[What is being asked] What are the lines below, starting at the line containing "Смешать муку, разрыхлитель" and ending at the line containing "LED tronožna podna"? Write them out exactly, ends included, without pictures.

[Input for this task]
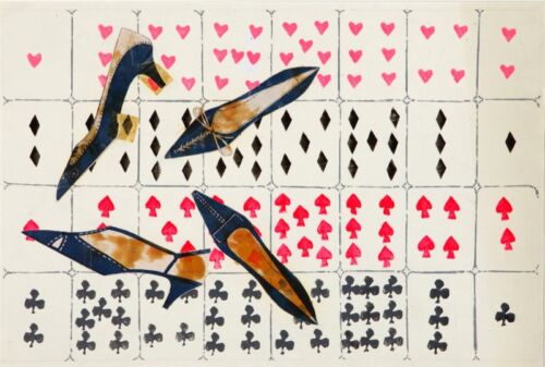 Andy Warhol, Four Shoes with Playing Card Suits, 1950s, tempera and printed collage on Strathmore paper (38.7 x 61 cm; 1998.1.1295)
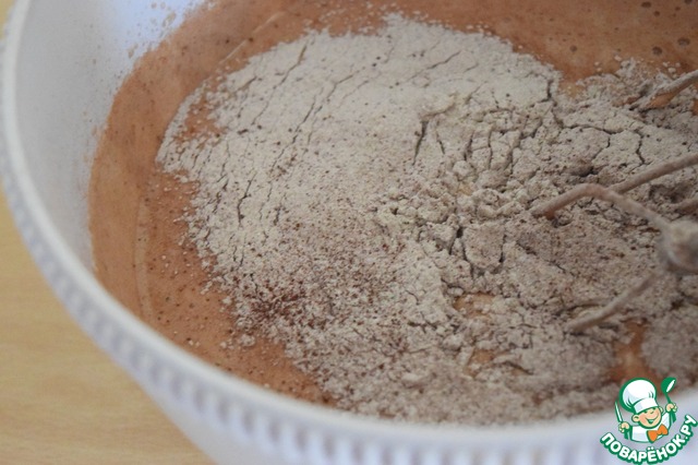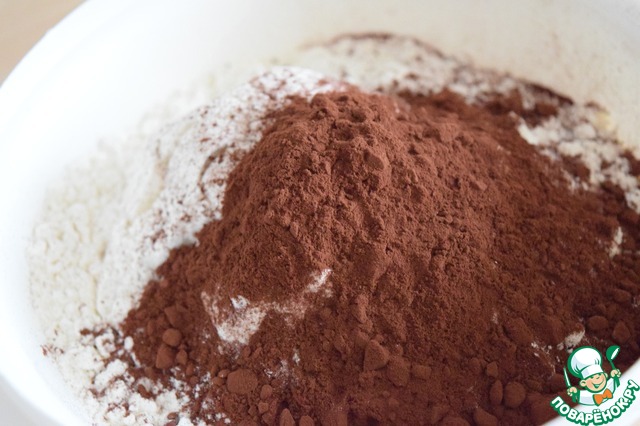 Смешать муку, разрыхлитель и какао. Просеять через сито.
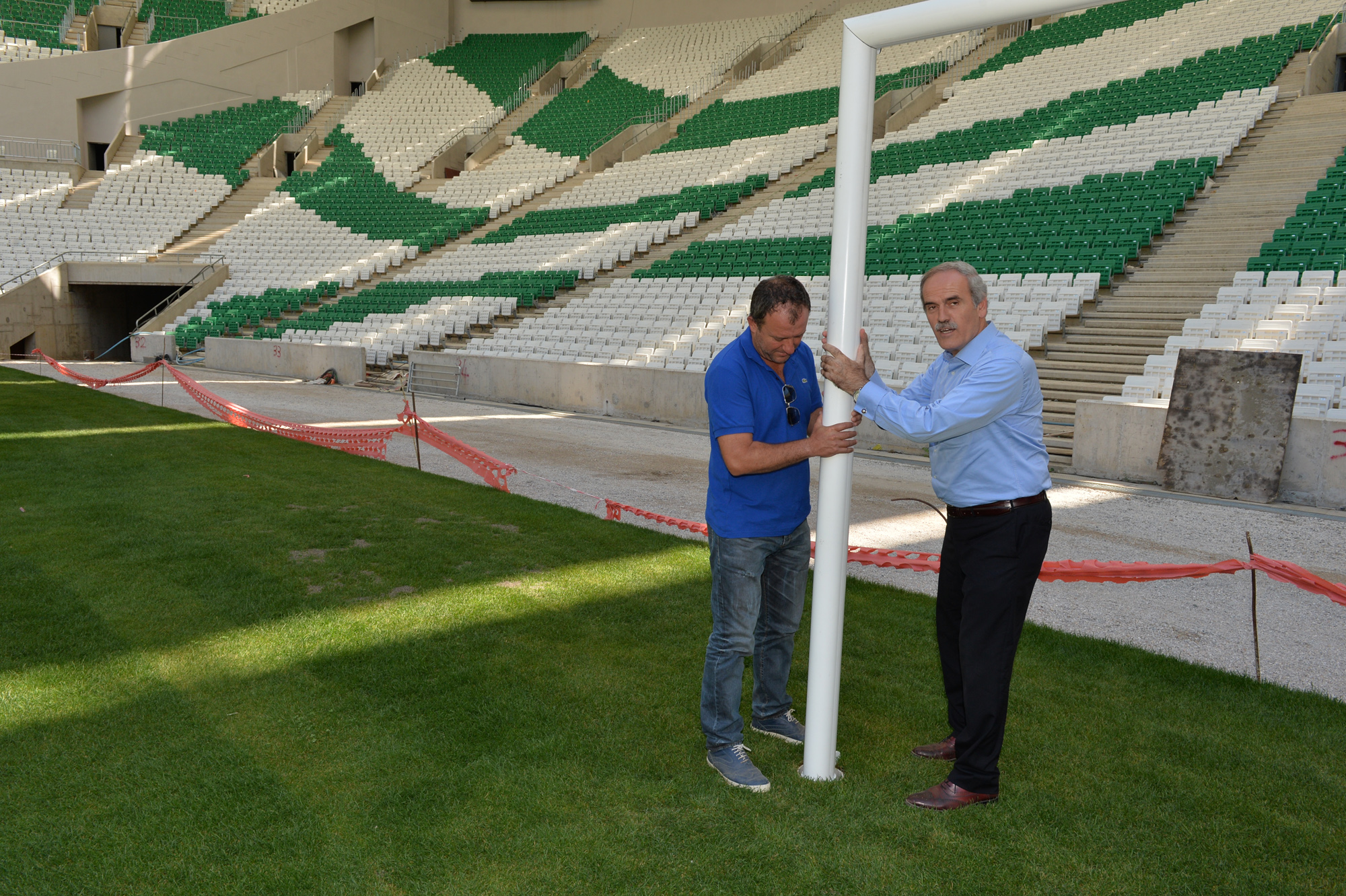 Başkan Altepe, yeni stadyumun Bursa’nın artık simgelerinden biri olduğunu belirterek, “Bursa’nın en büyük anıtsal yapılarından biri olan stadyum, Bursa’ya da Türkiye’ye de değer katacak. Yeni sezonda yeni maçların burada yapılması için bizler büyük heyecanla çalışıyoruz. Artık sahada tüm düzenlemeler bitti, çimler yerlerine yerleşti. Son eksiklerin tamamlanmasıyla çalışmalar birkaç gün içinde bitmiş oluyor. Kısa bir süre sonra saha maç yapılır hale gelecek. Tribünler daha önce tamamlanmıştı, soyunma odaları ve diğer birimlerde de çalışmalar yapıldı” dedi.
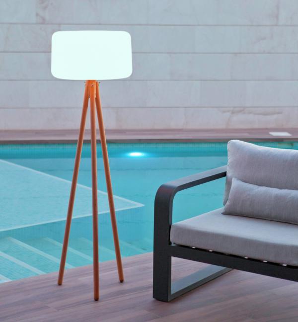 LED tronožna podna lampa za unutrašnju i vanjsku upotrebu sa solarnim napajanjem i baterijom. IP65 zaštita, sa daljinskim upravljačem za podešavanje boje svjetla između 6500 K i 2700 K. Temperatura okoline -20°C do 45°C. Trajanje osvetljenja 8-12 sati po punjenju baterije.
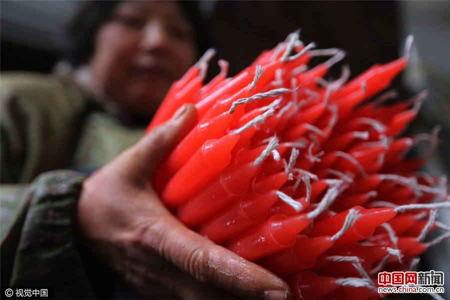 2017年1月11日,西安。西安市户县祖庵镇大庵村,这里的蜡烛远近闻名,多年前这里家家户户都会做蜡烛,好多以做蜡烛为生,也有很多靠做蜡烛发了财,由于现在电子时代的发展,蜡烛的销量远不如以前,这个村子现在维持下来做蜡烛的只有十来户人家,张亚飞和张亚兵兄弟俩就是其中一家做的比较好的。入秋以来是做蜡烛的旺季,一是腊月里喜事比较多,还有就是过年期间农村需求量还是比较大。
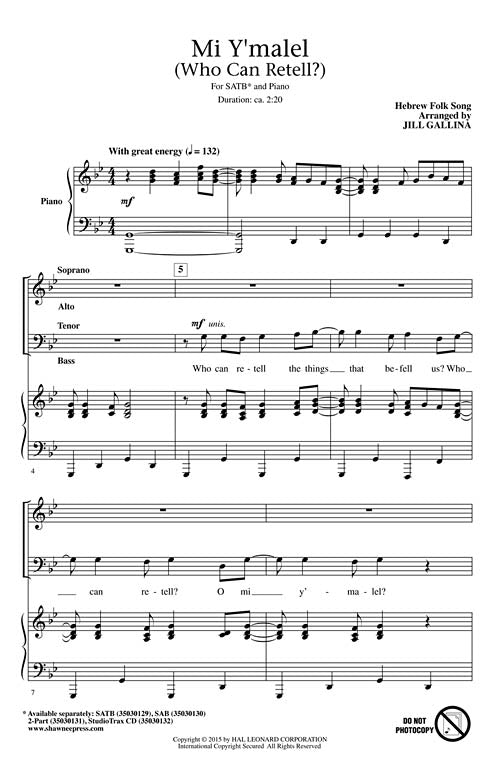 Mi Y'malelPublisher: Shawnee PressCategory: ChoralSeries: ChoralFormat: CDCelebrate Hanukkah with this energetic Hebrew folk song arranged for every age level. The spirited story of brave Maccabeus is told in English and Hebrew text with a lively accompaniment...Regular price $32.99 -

==

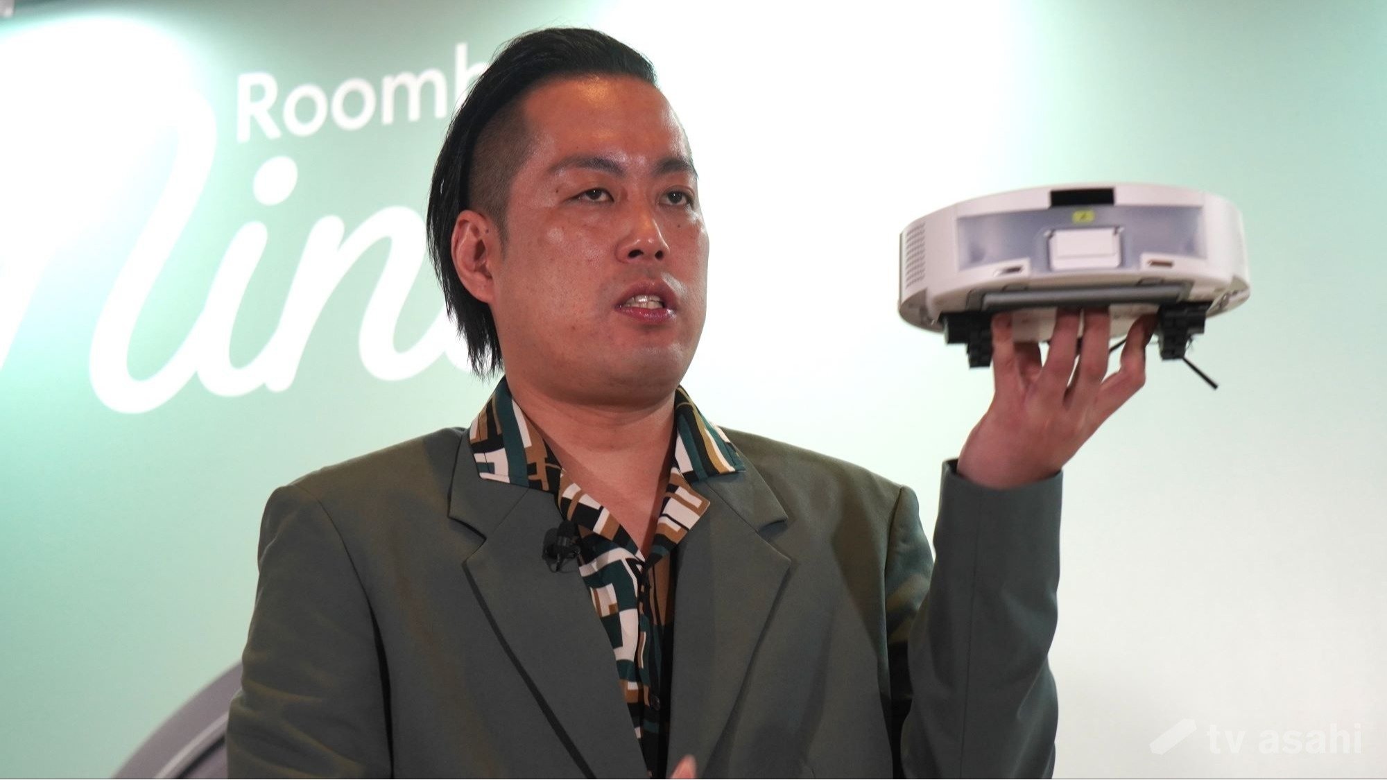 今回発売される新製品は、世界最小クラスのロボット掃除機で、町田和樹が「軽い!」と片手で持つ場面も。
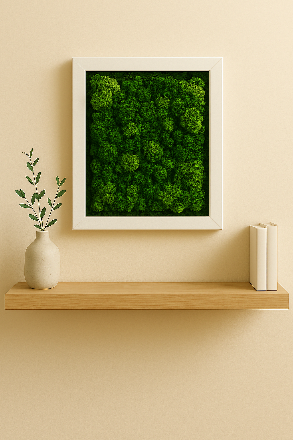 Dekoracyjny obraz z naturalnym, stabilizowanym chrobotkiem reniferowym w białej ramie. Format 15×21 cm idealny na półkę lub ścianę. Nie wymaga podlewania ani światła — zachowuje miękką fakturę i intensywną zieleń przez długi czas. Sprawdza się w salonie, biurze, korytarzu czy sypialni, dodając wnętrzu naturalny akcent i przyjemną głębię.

--

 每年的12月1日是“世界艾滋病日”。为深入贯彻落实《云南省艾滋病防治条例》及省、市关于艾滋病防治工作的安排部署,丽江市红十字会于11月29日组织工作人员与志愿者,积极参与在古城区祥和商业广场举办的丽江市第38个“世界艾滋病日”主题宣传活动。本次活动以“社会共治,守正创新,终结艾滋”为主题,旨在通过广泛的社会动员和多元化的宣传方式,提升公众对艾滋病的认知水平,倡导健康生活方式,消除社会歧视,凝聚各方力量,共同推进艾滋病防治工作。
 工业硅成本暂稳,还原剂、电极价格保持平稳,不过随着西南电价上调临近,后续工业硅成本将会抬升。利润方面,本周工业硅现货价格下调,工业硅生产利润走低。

[Response for this exercise]
 Смешать муку, разрыхлитель и какао. Просеять через сито.
 Başkan Altepe, yeni stadyumun Bursa’nın artık simgelerinden biri olduğunu belirterek, “Bursa’nın en büyük anıtsal yapılarından biri olan stadyum, Bursa’ya da Türkiye’ye de değer katacak. Yeni sezonda yeni maçların burada yapılması için bizler büyük heyecanla çalışıyoruz. Artık sahada tüm düzenlemeler bitti, çimler yerlerine yerleşti. Son eksiklerin tamamlanmasıyla çalışmalar birkaç gün içinde bitmiş oluyor. Kısa bir süre sonra saha maç yapılır hale gelecek. Tribünler daha önce tamamlanmıştı, soyunma odaları ve diğer birimlerde de çalışmalar yapıldı” dedi.
 LED tronožna podna lampa za unutrašnju i vanjsku upotrebu sa solarnim napajanjem i baterijom. IP65 zaštita, sa daljinskim upravljačem za podešavanje boje svjetla između 6500 K i 2700 K. Temperatura okoline -20°C do 45°C. Trajanje osvetljenja 8-12 sati po punjenju baterije.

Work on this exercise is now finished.